Disk vs. RAM. Round 1.
I think more and more scalable compute infrastructures are going to cheat and ditch disk (or memory buffered disk) in favor of all in-memory data structures or SSD.
Putting all of your data in memory is not cheating, it's just another trade off.
This is not a direct rebuttal to Kevin, it's just generic advice to the random engineer who might run across this. To any managers out there: I'm oversimplifying some issues. Your engineers will know which.
Let's look at what Hennessy Patterson (4th Ed) tells us about memory access times. I've ranked them fastest to slowest.
- Register: 250ps
- L1 Cache: 1ns
- RAM: 100ns
- Disk 10ms
We used to think of memory hierarchy layers being about an order of magnitude slower than the preceeding layer but that hasn't been true for some time. A disk access at 10ms is 1000 times slower than reading from RAM. If you really care about user request latency then you don't want to be hitting disk per-request if you can afford not to.

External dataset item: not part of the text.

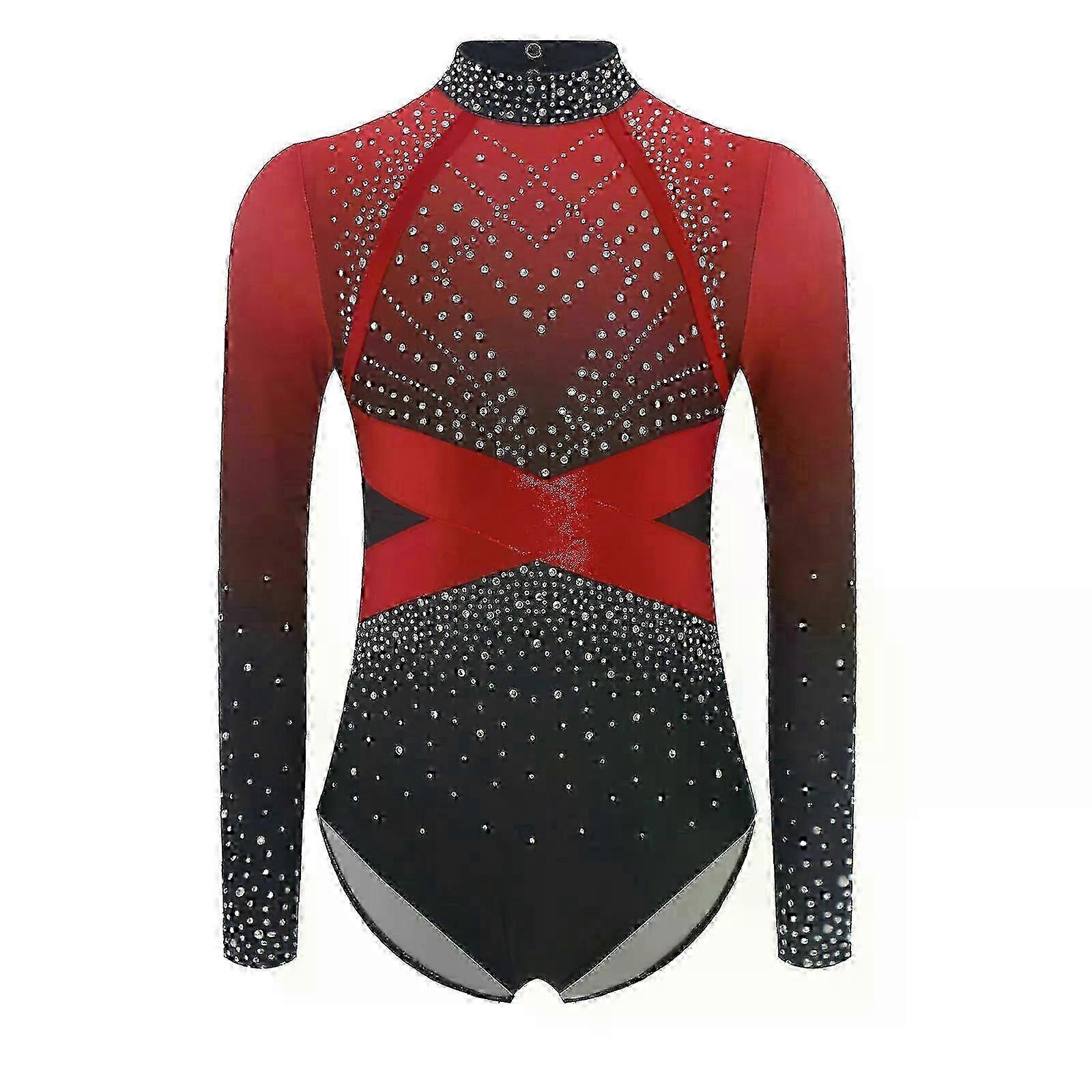 Kids Girls Shiny Rhinestone Figure Skating Leotard Long Sleeve Ballet Dance Gymnastics Acrobatics Bodysuit for Stage Performance

So are you comfortable adding several hundred milliseconds for a request? You might be if you're a seriously resource constrained startup and have a very large amount of data like your typical IR system such as Kevin's does. If you have a relatively small amount of data then keeping everything in RAM is a pretty amazing trade-off.
As a medium-sized startup, what if you could pay 30 grand and see that money have an immediate impact on those pesky, painful performance graphs you keep. Wouldn't you spend that?
But it's easy to think about those dollars and tell yourself: "well, disks also store bytes, why not stick our bytes in those instead and use this money to pay for an off-site to get away from our performance troubles?" I'm kidding, people don't actually say that out loud but I've seen some eyes bug out of some sockets when looking at RAM prices. It's just natural to want to use disk for on-line storage since disks store so much data and seems so much cheaper if you don't think about the latency difference.
But let's talk concretely. I've been talking about "small" and "large" amounts of data. Let's talk about a specific scenario.
You have a popular restaurant review site. Each review is less than half the size of this blog post. That's about 2k. A page has 20 reviews but because you don't have that much RAM, you need to read those 20 reviews from disk. It takes a quarter-second to just read the reviews from disk even with that fancy-pants storage array you bought.
You're very lucky, your site has 10 million reviews. Continuing in my oversimplification, that's like 20 gigabytes. A gig of ECC FB-DIMM RAM is going for about $100/gig so that is 20k plus the extra 10k for the machines to hold your new RAM. 30k to automatically drop a quarter of a second from each request seems pretty cheap to me. Not only is your site faster but it now has more capacity since it's not wasting a quarter-second per request just moving a disk head around and reading data into memory where it should have been to begin with.
One last point: It only feels like cheating because you have less to worry about and is more expensive. Unfortunately, there's a certain class of naive engineer who will think that they can build a system without the expense and with 99.9% of the gains. (naive engineers love to throw 99.9% around!) They'll try to convince you that you just need another layer of LRU caches or some more memcached installations. They'll be a hero! They'll get a Founder's Award! Their company's VCs will take notice and promise to fund anything they start! Fire that guy. Use his salary to buy more RAM.
# — 07 July, 2007